Why to document high level information architecture

Why we are documenting higher level architecture? Isn't the high level too meaningless for doing anything with it? Are these high level exercises ever going to be successful?

Well - I disagree - it is not a waste of time - and this is why:
- it is a method to communicate (mainly with users) - so it should be simple and related to business language. If you can pin-point easily the weaknesses, bottlenecks in your architecture, than it is easier to get approval for improvement.
- it is a way of documenting the high level context, which helps positioning the system - so it should not contain detailed content. High level position will make it easier for systems to find relations to others and helps avoiding overlaps or duplication
- it is a way of helping later stages of development or later projects understanding the system & its context quickly -
- it is a way of helping portfolio management - usually business users are very functionality oriented and therefore there is insufficient appetite for more fundamental integration issues. High level pictures help making the case for this.

These benefits also point at the main requirements for architecture: so it should be short - no details - and it should be easy and quickly accessible

So the end result may look easy, but to actually develop it is quite hard. It is important to focus at the key messages ... And that's still an art (which is rarely covered by case tools).

Labels: ,

Friday, August 24, 2007

Documenting information architecture ...

I am struggling to find a good way of documenting information architecture. At the lowest level of technical meta data there are different methods available (physical data models, entity relationship diagrams, CRUD's ...), but if you go up in abstraction level we enter the world of 'architects' where Powerpoint and Visio are still king & queen. I have not seen a common format or common tool for documenting the high level. The only common symbol is the one for databases (looks like a flat drum), but for the rest it is arrows and boxes that can mean anything.

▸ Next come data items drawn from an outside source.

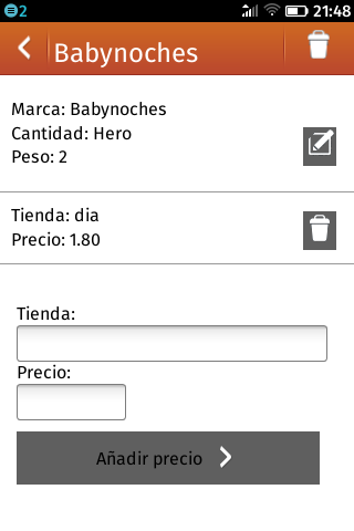 Comparador de precios, puedes crear productos y guardar precios de cada tienda. Puedes exportar e importar todos los datos.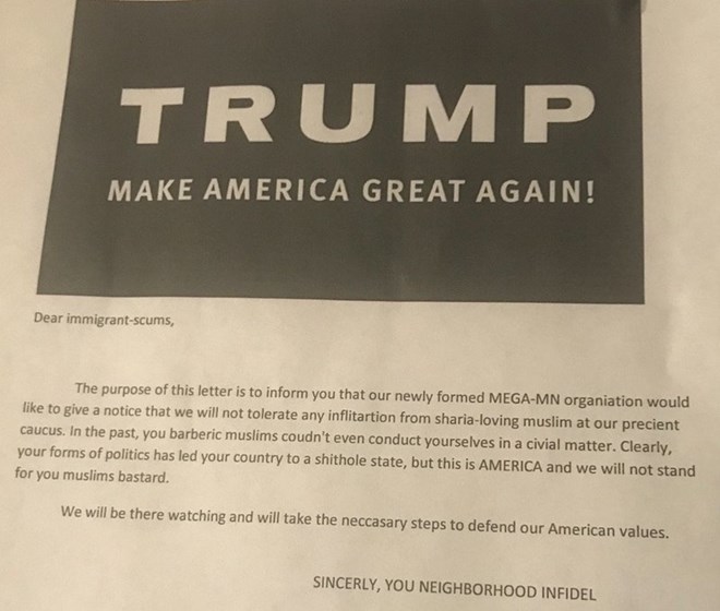 The typo-ridden fliers read that a new “MEGA-MN organiation [sic] would like to give a notice that we will not tolerate any inflitartion [sic] from sharia-loving muslims at our prescient [sic] caucus.” The statement continued with equally inflammatory and grammatically deficient lines.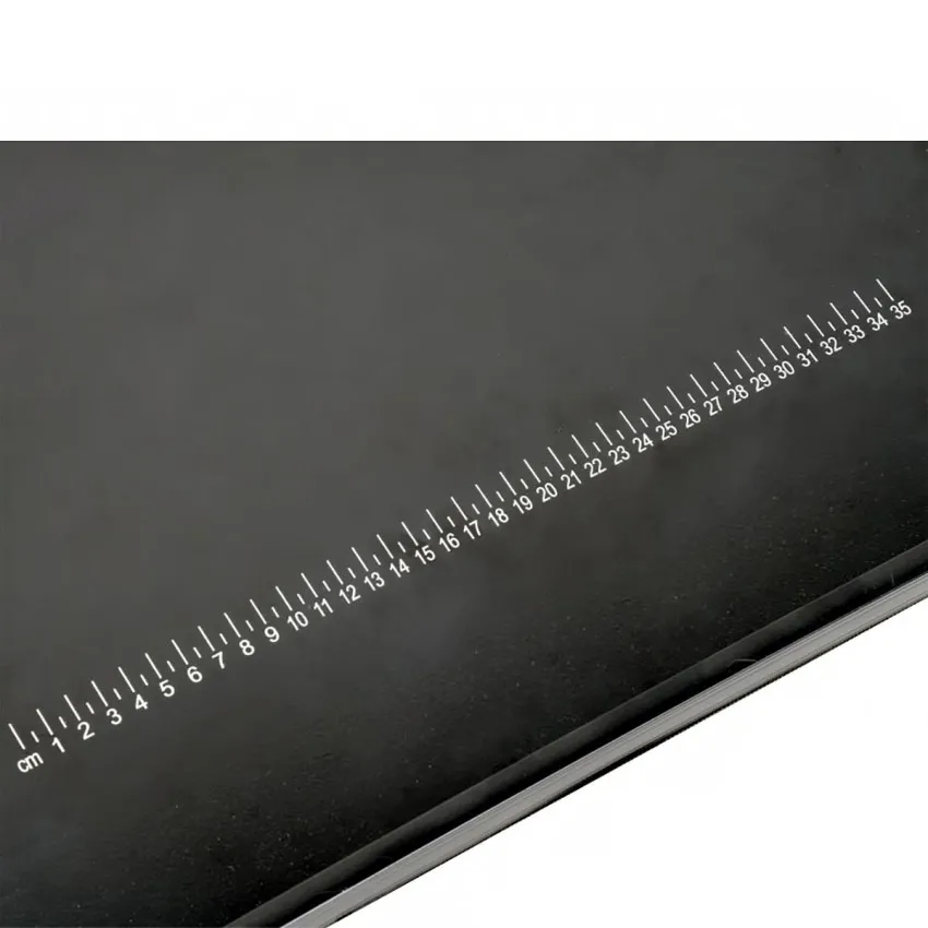 Металният плот е оборудван с високи ръбове, които предпазват аксесоарите от падане, специална стойка за позициониране на телефон (вертикално или хоризонтално) и мерителна линия до 35 см - идеална за измерване на монтажи и поводи.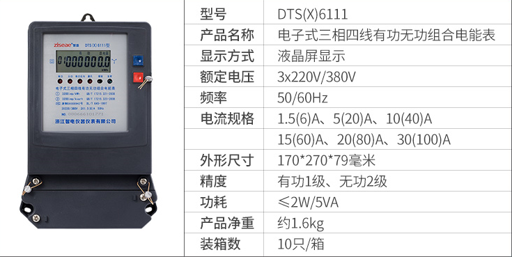 DTS(X)6111、DSS(X)6111型三相電子式有功無功組合電能表(以下簡稱電能表),是為了適應電網改造設計開發的有功、無功組合式電能表。它具有較高的準確度和可行性。產品制造標準符合GB/T17215.321-2008《1級和2級靜止式交流有功電能表》、GB/T17215.323-2008、DL/T614-1997《多功能電能表》、DL/T645-1997《多功能電能表通信規約》等電力行業標準對三相靜止式電能表全部技術要求,是對需要進行無功電量考核的企業、變電站或電廠理想的選擇,亦適合輸配電或配網自動化用表。本產品可供計量參比頻率為50Hz電網中的三相交流有功和無功電能,并能進行正、反向電能計量和紅外及RS485通訊功能。其特點是精度高、可靠性好、寬負荷、低功耗、誤差曲線平直、抗干擾能力強。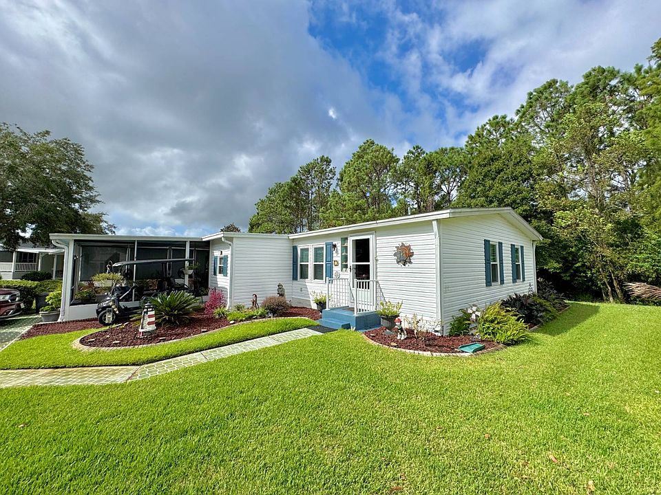 Welcome to this charming 2-bedroom, 2-bath 1997 Jacobsen home located in the highly desirable Aberdeen at Ormond Beach community. Nestled among mature trees, this home offers a peaceful backyard setting with a private patio perfect for relaxing or entertaining. The front features an extended 10' screened lanai with large screen doors wide enough to fit a motorcycle, providing both function and flexibility. Inside, you'll find a warm, cabin-style feel accented with beautiful stained wood trim throughout. Enjoy convenient parking with a two-car driveway plus golf cart space - perfect for exploring all that Aberdeen has to offer! Community Highlights: Residents enjoy access to a clubhouse with pool, indoor hot tub, shuffleboard, bocce, horseshoes, tennis and pickleball courts, library, billiard room, fitness center, card room, and several sitting areas throughout the grounds. Scenic ponds and walking paths create a tranquil setting, and the community is gated with 24-hour security for peace of mind. Discover the best of active 55+ Florida living in this welcoming and well-maintained community - where comfort, recreation, and relaxation meet!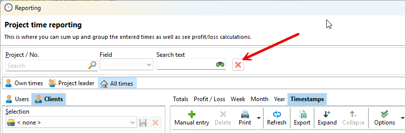 Above your results list, you can see which data you have filtered in the "Filter" line. In our example, you can see all the times recorded by the employee Michaela Meier selected on the left-hand side, summarized by project (S: Project) and grouped by customer (G: Customer). Below the graphic buttons, you can also see the selected options again (S: Project and G: Customer). If you want to apply the filter to all employees, select "All employees" on the left-hand side. |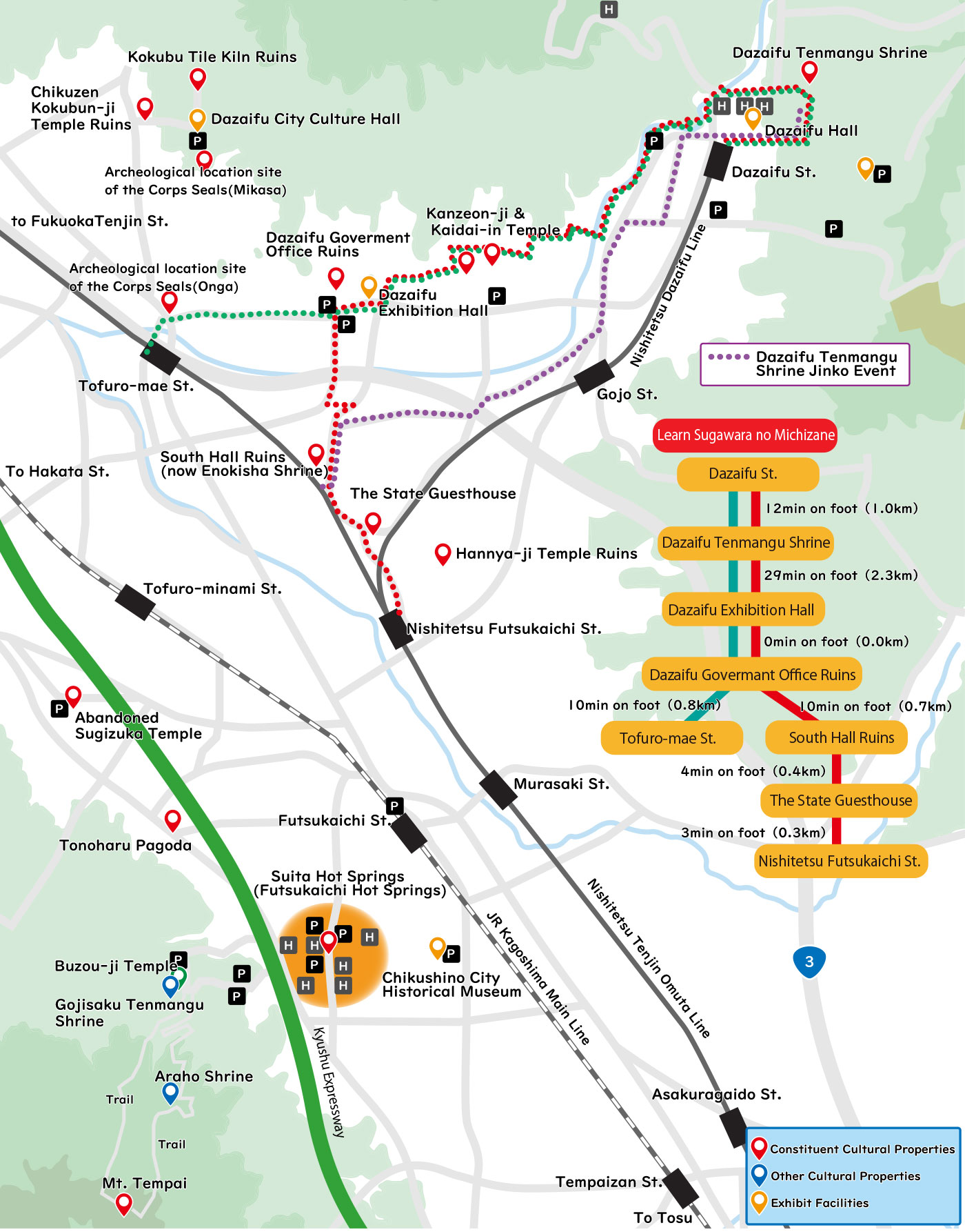 Dazaifu Tenmangu is a shrine to Sugawara no Michizane. The tale of Michizane’s life ended with quiet contemplation in Dazaifu, followed by posthumous reverence as the God of Learning. Venture through the narrow streets of Dazaifu to uncover the yet undiscovered true face of Michizane.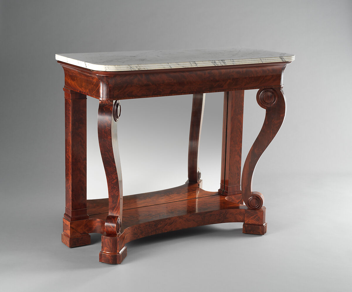 Designated for the pier wall between two windows, a pier table was considered an integral part of an elegant parlor. The mirror below the tabletop reflected light into the room, amplifying the soft glow of candle and fuel-based light sources. Two similar Phyfe pier tables are known: one, for which there is an 1834 bill of sale, is in the White House; the other, bearing the D. Phyfe & Sons label (1837–1840), was made for Phyfe's daughter Eliza Phyfe Vail (1801–1890). However, neither of those examples have scroll supports placed at a 45 degree angle to the table's top as seen here. The other two documented tables have scroll supports and bases that face straight out. This table carefully follows the design illustrated in Plate 631 of volume three of Pierre de La Mésangère's Collection de Meubles et Objets de Goût.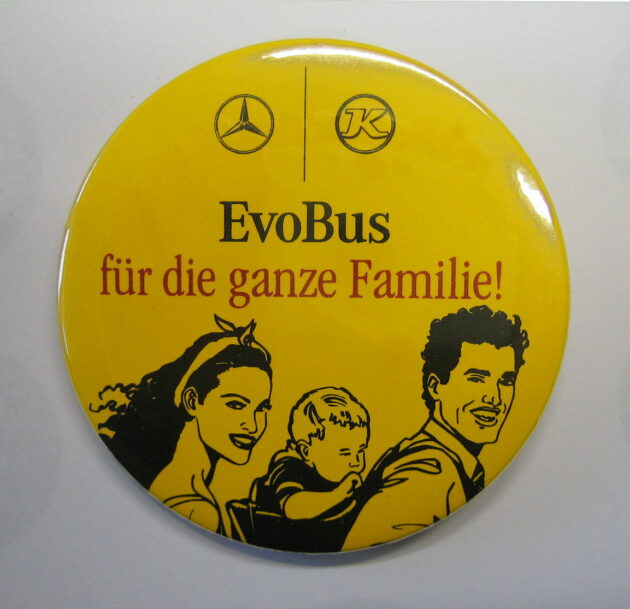 runder Button, der zum Familientag in Neu-Ulm hergestellt wurde. Oben befindet sich neben einem Mercedes Stern ein Kässbohrer Zeichen. Beide sind durch einen senkrechten Strich getrennt. Darunter befindet sich das Wort “EvoBus”. Damit wird auf das neu gegründete Busunternehmen, das aus beiden Firmen hervor ging, angespielt. Darunter steht “für die ganze Familie!” Unten ist ein […]

So my question is if we can agree on symbols for some of the key elements?
- types of data stores (e.g. a corporate store should be different than a project / application store)
- interfaces (point to point) or middleware (hub and spoke)
- applications & utilities - with differences for data retrieval and data capture applications


The second thing is that I have not seen a definite list of what to document in terms of higher level data architecture. I can think of the following:
- the high level overview of the main data stores and the key data transported via interfaces (this can be done e.g. as a context diagram per business area or key business process) - this overview should reflect the different lifecycle phases of the information.
- the main components of the application / integration / data stack (in a different view) per system (or set of systems)

Labels: ,

Friday, August 17, 2007

Data Architecture principles

One of the Data Management principles is about applying proper architectural principles - it is a bit of a meta-principle - and this covers actually a whole category of things. So what is it? It is actually a lot ... Let me try to list a few ideas (it is again a list of 10!):
  • Data should be created in one place (a defined master source)
  • Data should be distributed via a hub and spoke architecture (so avoid spagghetti)
  • When using middleware adopt a single integration architecture (don't stack middleware on top of middleware ...)
  • When communicating with external parties adopt XML as a standard - adopt as much as possible one XML dialect only
  • Split data capture from data retrieval
  • Only store data together when it needs to be managed together (i.e. when you need to see it together you can also do that in the application)Store as much meta data as reasonably possible with the data
  • Ensure audit trails are implemented on data
  • Split project information from corporate versions of information
  • Don't use transaction systems to store your history (archived information). Store this in some sort of data warehouse
  • Only retain data when there is a value to retain it - but check this across the data lifecycle!

Labels: ,

Thursday, August 16, 2007

Data Management Principles

Usually IT departments are very infrastructure or application focused. Information or data is seldom the first priority. In order to establish data management as one of the cores in the organisation it is required to publish some key principles; it is a bit like a consitution for a country.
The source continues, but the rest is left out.